[Task directions]:
Set down, exactly as written, the lines from the top of the data to the line that holds "Dopo aver registrato", and omit the pictures.

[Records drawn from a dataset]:
━━━━━━━━━━━━━━━━

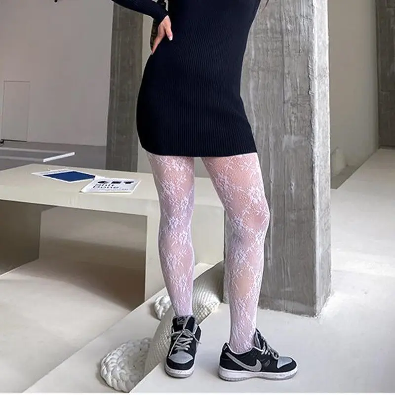 Сексуальные ажурные чулки, колготки с фатиновой юбкой и рисунком шелковые чулки, фиксирующиеся на бедрах, кружевные колготки с татуировками размера плюс черный, белый цвет Для женщин Свободные колготки
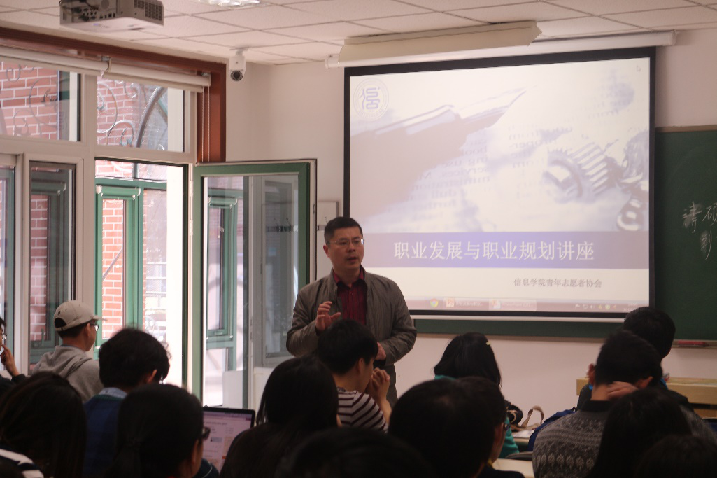 王宇根据自己在金融行业打拼的经历,结合PPT从银行、证券、保险、资产管理、信托等方面为同学们讲解金融行业主流从业方向和特点。关于就职王宇师兄提出 “根据你以后想要过那种生活,自己有哪些特长和喜好,量身为自己选择就职方向”的观点,并与现场的同学进行问答互动。
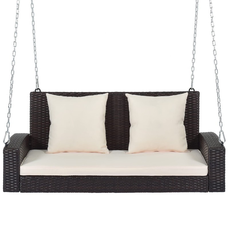 Merax Patio Porch Swing, Outdoor Swing Chair Bench, Wicker Hanging Porch Swing with Chains, Cushion and Pillow, Rattan Swing Bench for Garden, Backyard, Courtyard (Brown+Beige, 1 Piece)
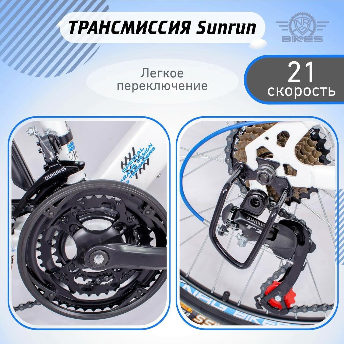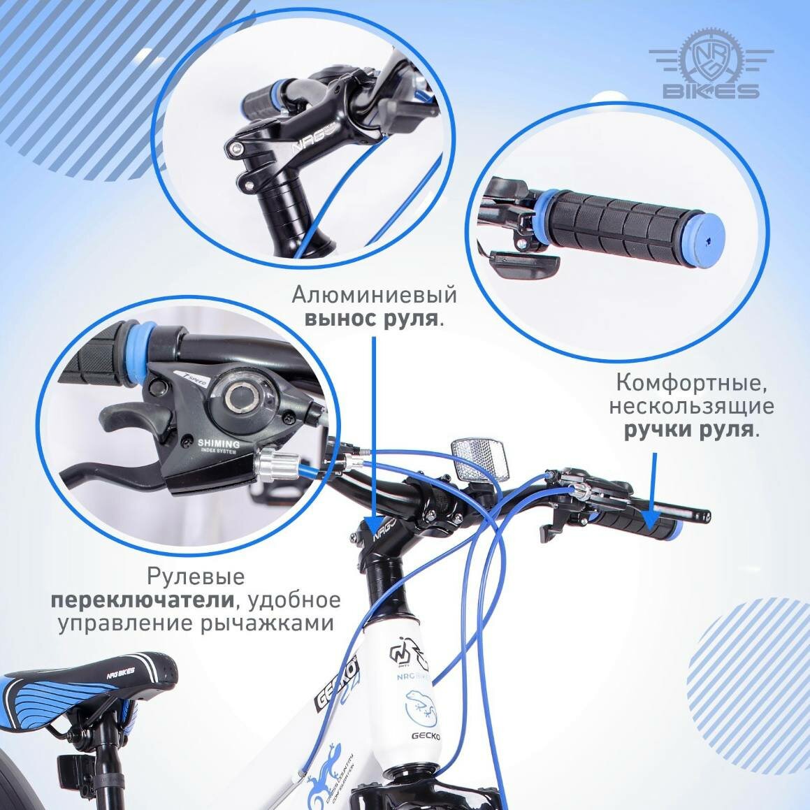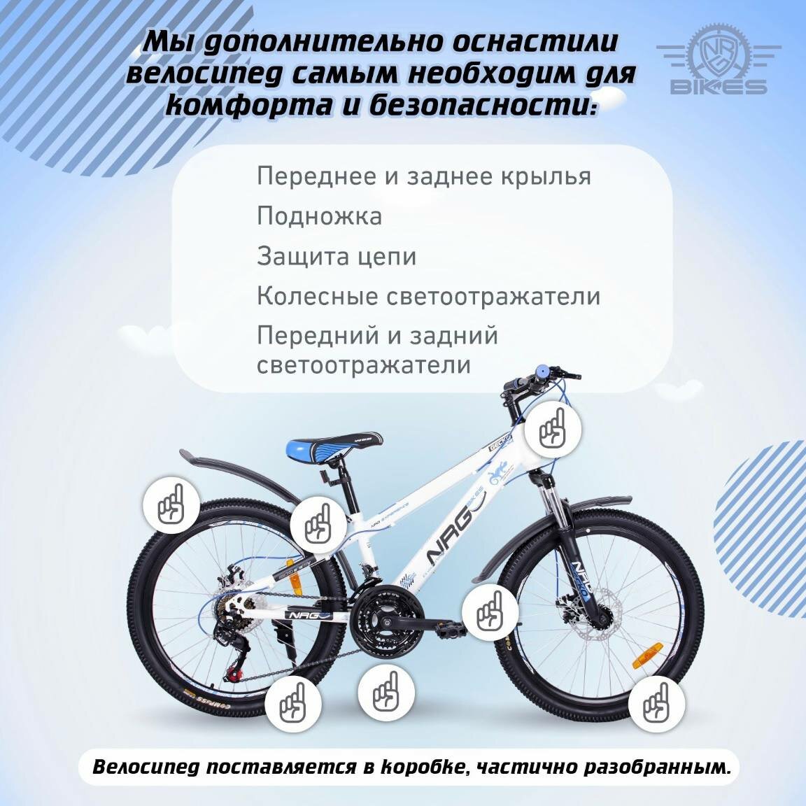 Горный Велосипед NRG Bikes GECKO 24''/12'' white-black-blue, 21 скорость, 2022 год
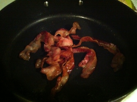 Reduce heat to low, add bacon bits and simmer for up to 20 minutes. For thicker sauce, simmer longer, and for thinner, less time is needed.
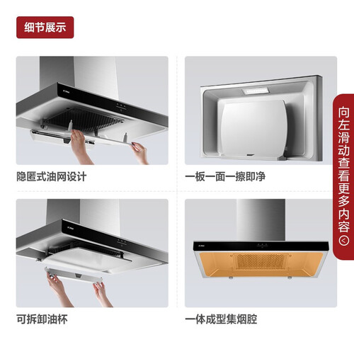 采用环吸云板设计,四周进风,提升了负压面积,实现超大拢烟,即时双灶同时使用,油烟也难逃逸。降噪风道设计,安静烹饪不受扰。
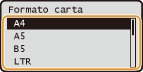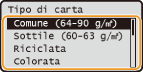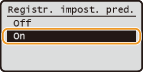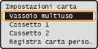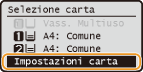 Dopo aver registrato l'impostazione predefinita per la carta, la schermata dell'impostazione non viene visualizzata quando si carica la carta, e viene utilizzata sempre la stessa impostazione. Se si carica carta di formato o tipo diverso senza modificare le impostazioni, la macchina potrebbe non stampare correttamente. Per evitare questo problema, disabilitare l'impostazione predefinita selezionando <Off> al passo 3, quindi caricare la carta.
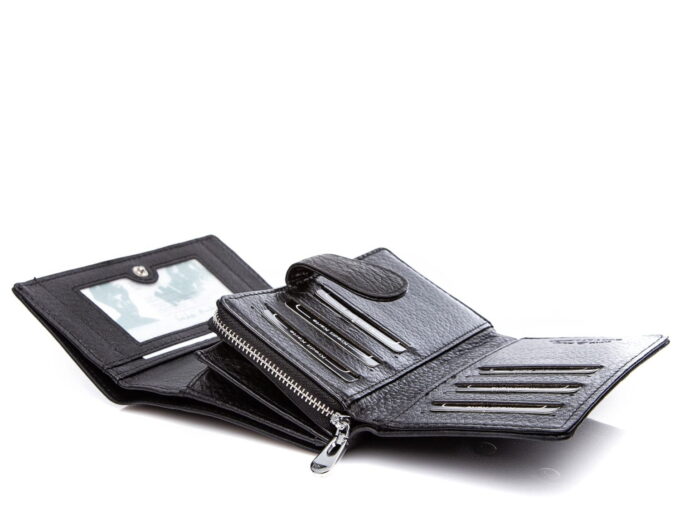 - Portfel wyposażony w ochronę RFID – chroniącą karty zbliżeniowe przed nieautoryzowanym dostępem.
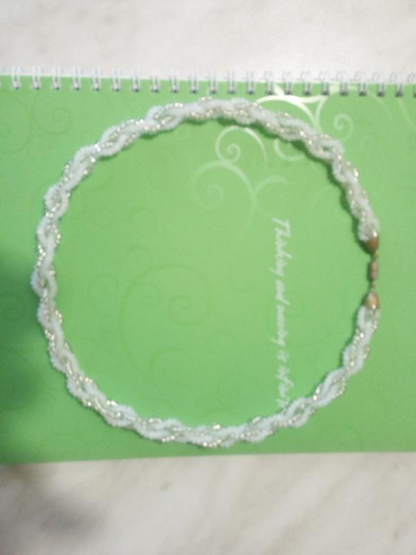 Очароватьные жіночі намиста ручної роботи і відмінної якості.Виготовлені з білого і сріблястого бісеру по техніці ланкового переплетення,мініатюрна вкручивающаяся застібка кольору самоварного золота ( довжина виробу 48 см і шириною приблизно 1 см і 2 мм ).Відмінно будуть поєднуватись з виробами з білого перлів,особливо в сріблі.Не дрібні і досить привабливі бусики.Додаткові фото за запитом.Відправляю: новою поштою та укрпоштою, після повної оплати на картку.Пишіть в лічку і телефонуйте ( с 11:00 до 22:00 ),в інший час я не відповідаю,на роботі.Цікавитеся.
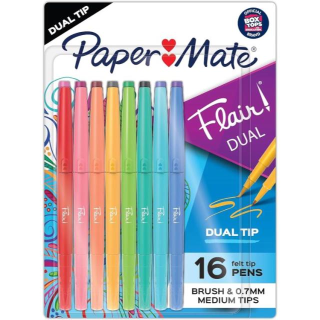 【お取り寄せ商品】ペーパーメイト フレアデュアルフェルトチップペン 16色 Paper Mate Flair DUAL Felt Tip Pens, Brush and Medium Tips, Assorted Colors, 16 Count
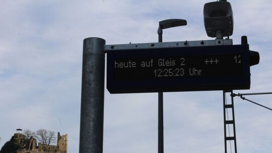 Moderne Hinweise vor geschichtsträchtiger Kulisse: die Anzeige im Bahnhof von Altenahr mit der Burg Are im Hintergrund. Frank Bugge
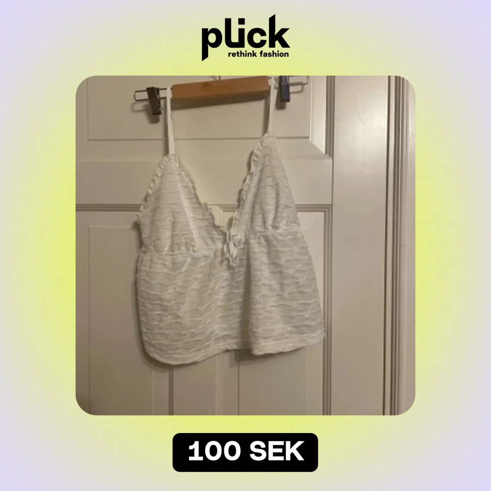 Säljer en söt vit ärmlös topp med smala axelband och knytning framtill. Toppen har en lätt textur och är perfekt för sommaren. Den är i bra skick och passar både till vardags och fest.
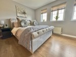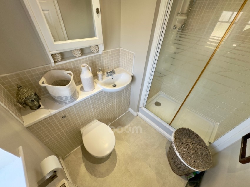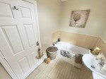 The upper floor comprises four spacious bedrooms and three additional bathrooms. Each bedroom offers generous proportions and is decorated in light, neutral tones. Bedrooms One and Two both feature en-suite shower rooms and built-in storage. Bedroom four is currently used as a home office but could easily serve as a comfortable bedroom. The modern family bathroom includes a WC, wash hand basin, and a relaxing spa bathtub.
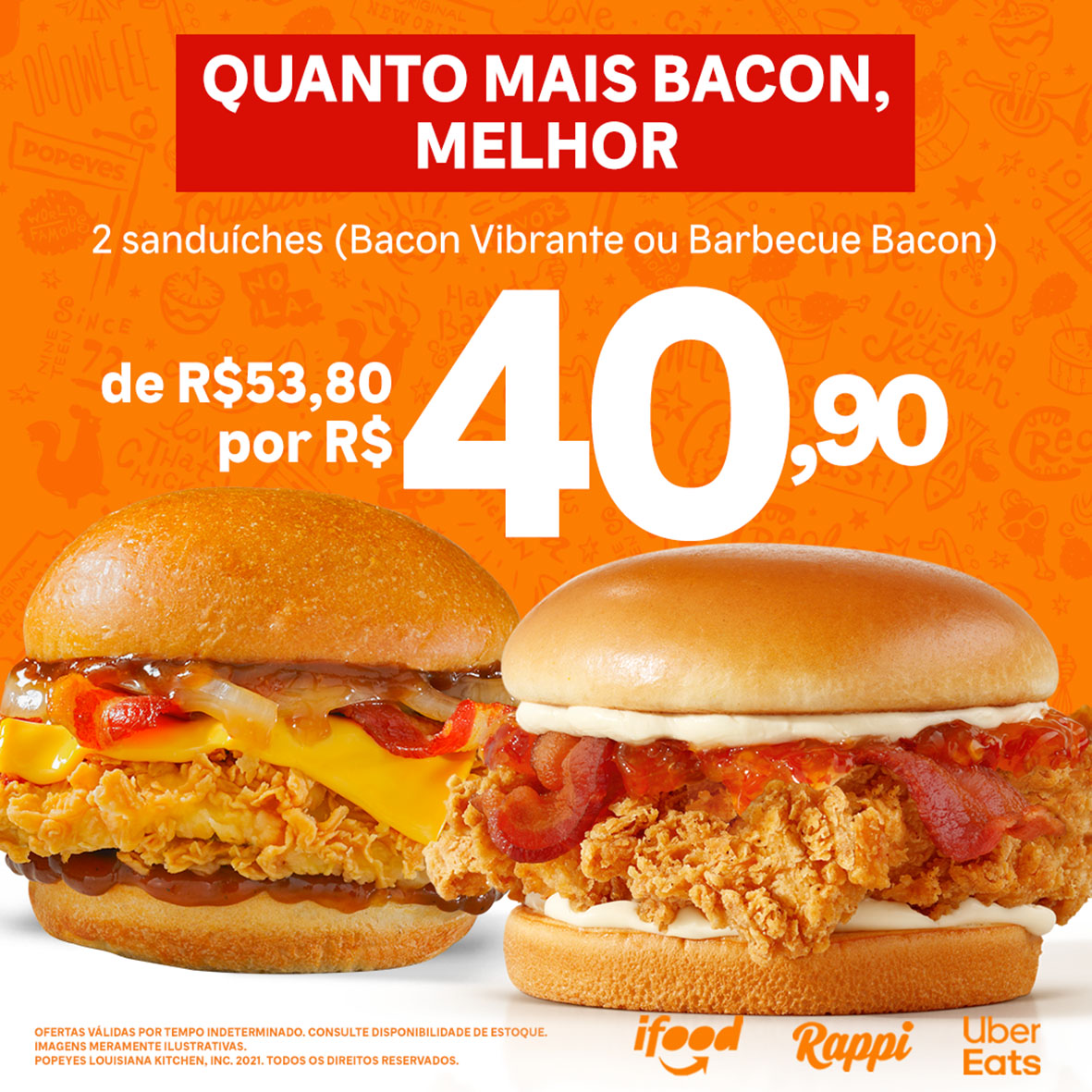 – Dois sanduíches (Bacon Vibrante ou Barbecue Bacon) por R$ 40,90;

━━━━━━━━━━━━━━━━

[Exercise solution]:
 Сексуальные ажурные чулки, колготки с фатиновой юбкой и рисунком шелковые чулки, фиксирующиеся на бедрах, кружевные колготки с татуировками размера плюс черный, белый цвет Для женщин Свободные колготки
 王宇根据自己在金融行业打拼的经历,结合PPT从银行、证券、保险、资产管理、信托等方面为同学们讲解金融行业主流从业方向和特点。关于就职王宇师兄提出 “根据你以后想要过那种生活,自己有哪些特长和喜好,量身为自己选择就职方向”的观点,并与现场的同学进行问答互动。
 Merax Patio Porch Swing, Outdoor Swing Chair Bench, Wicker Hanging Porch Swing with Chains, Cushion and Pillow, Rattan Swing Bench for Garden, Backyard, Courtyard (Brown+Beige, 1 Piece)
 Горный Велосипед NRG Bikes GECKO 24''/12'' white-black-blue, 21 скорость, 2022 год
 Reduce heat to low, add bacon bits and simmer for up to 20 minutes. For thicker sauce, simmer longer, and for thinner, less time is needed.
 采用环吸云板设计,四周进风,提升了负压面积,实现超大拢烟,即时双灶同时使用,油烟也难逃逸。降噪风道设计,安静烹饪不受扰。
 Dopo aver registrato l'impostazione predefinita per la carta, la schermata dell'impostazione non viene visualizzata quando si carica la carta, e viene utilizzata sempre la stessa impostazione. Se si carica carta di formato o tipo diverso senza modificare le impostazioni, la macchina potrebbe non stampare correttamente. Per evitare questo problema, disabilitare l'impostazione predefinita selezionando <Off> al passo 3, quindi caricare la carta.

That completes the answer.